我正在使用pandas(0.25.3)和Python(3.7.4)。我正在使用类似于下面的[[df1的DataFrame。我需要根据同一DataFrame中“支付代码”字段的值,有条件地将“小时”和“工资”字段转换为“总工时”,“总工资”,“常规工资”字段。我还需要按“检查日期”分组。
df1 = pd.DataFrame( {
"Pay Code" : ["1","4","OCH","3","3"],
"Check Date" : ["2019-01-04","2019-01-04","2019-01-04","2019-01-04","2019-01-18"],
"Pay Start Date" : ["2018-12-15","2018-12-15","2018-12-15","2018-12-15","2018-12-29"],
"Pay End Date" : ["2018-12-28","2018-12-28","2018-12-28","2018-12-28","2019-01-11"],
"Pay Code Description" : ["REGULAR PAY","HOLIDAY PAY","ON CALL HOURLY","VACATION PAY","VACATION PAY"],
"Hours" : [46.0,16.0,152.0,18.0,19.5],
"Wages" : [1226.58,426.64,63.33,479.98,530.38],
"Gross Hours" : ["NaN","NaN","NaN","NaN","NaN"],
"Regular Wages" : ["NaN","NaN","NaN","NaN","NaN"],
"Overtime Wages" : ["NaN","NaN","NaN","NaN","NaN"]
} )
假设我有静态列表用作参考,以确定应将值转换为哪一列。
GrossHours = ['1','2','3'] RegularWages = ['1','3','4'] OvertimeWages = ['2','OCH']
所需的将是此DataFrame结果
df_result = pd.DataFrame( {
"Check Date" : ["2019-01-04","2019-01-18"],
"Pay Start Date" : ["2018-12-15","2018-12-29"],
"Pay End Date" : ["2018-12-28","2019-01-11"],
"Hours" : [232,19.5],
"Wages" : [2196.53,530.38],
"Gross Hours" : [64.0,19.5],
"Regular Wages" : [2133.2,530.38],
"Overtime Wages" : [63.33,"NaN"]
} )
我正在尝试什么?我曾尝试对应用大量的lambda函数,以根据需要提供结果,但是我不确定如何将这些结果对象干净地返回到原始DataFrame df1。是否是制作一堆中间DataFrame的唯一选择,然后将这些DataFrame加入或合并回原始文件,然后再次进行groupby编辑?df1
g1 = df1.groupby(["Check Date"])
g1.apply(lambda x: x[x['Pay Code'].isin(GrossHours)]['Hours'].astype(float).sum())
Check Date
2019-01-04 64.0
2019-01-18 19.5
dtype: float64
transformations = [('Gross_Hours', ['1','2','3']), ('Regular_Wages', ['1','3','4']), ('Overtime_Wages', ['2','OCH'])]
我还定义了我期望的输出数据帧的结构。
result_dataframe_fields = ['Check Date', 'Pay Start Date','Pay End Date','Gross Hours', 'Regular Wages', 'Overtime Wages']

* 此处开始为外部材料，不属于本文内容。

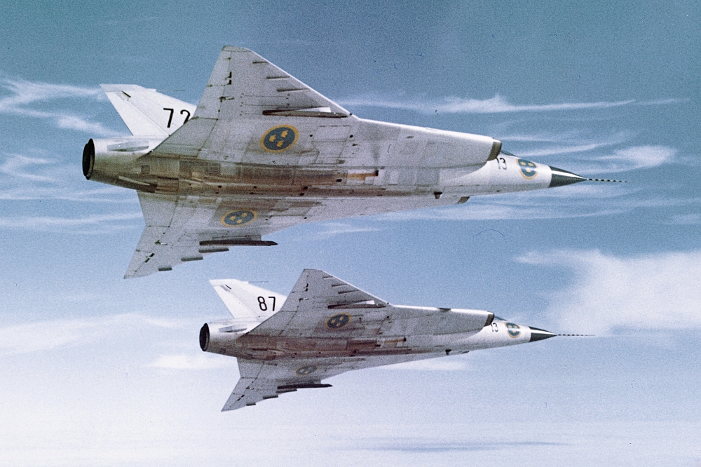 It featured an innovative but unproven double delta wing, leading to the creation of a sub-scale test aircraft, the Saab 210, which was produced and flown to test this previously unexplored aerodynamic feature. The full-scale production version entered service with frontline squadrons of the Swedish Air Force on March 8, 1960. It was produced in several variants and types, most commonly as a fighter-interceptor.

通过将@Datanovice的建议应用于与我已经走过的路类似的路径,最终得到的结果是尽可能清晰和可读的。
# Instatiate result dataframe df_result = df1.groupby(result_dataframe_fields).sum().reset_index() for t_ix, t_list in transformations: # Create aggregated set to populate result dataframe if t_ix == 'Gross_Hours': g1 = df1.loc[df1['Pay Code'].isin(t_list)].groupby('Check Date')['Hours'].agg(temp_col_name='sum') g2 = g1.reset_index() g2.columns = ['Check Date', t_ix] else: g1 = df1.loc[df1['Pay Code'].isin(t_list)].groupby('Check Date')['Wages'].agg(temp_col_name='sum') g2 = g1.reset_index() g2.columns = ['Check Date', t_ix] #Handle the .agg() column naming limitation (no spaces on list agg) colsg2 = g2.columns colsg2 = colsg2.map(lambda x: x.replace('_', ' ') if isinstance(x, (str)) else x) g2.columns = colsg2 # Dataframe copy that will update result dataframe update_df = g2.copy() df_result.update(update_df)
Result Image From Jupyter Lab我仍然希望这不是最佳答案,因为我的实际应用程序要比这大得多,并且看起来相当可怕,超出了我的“实际代码”规模。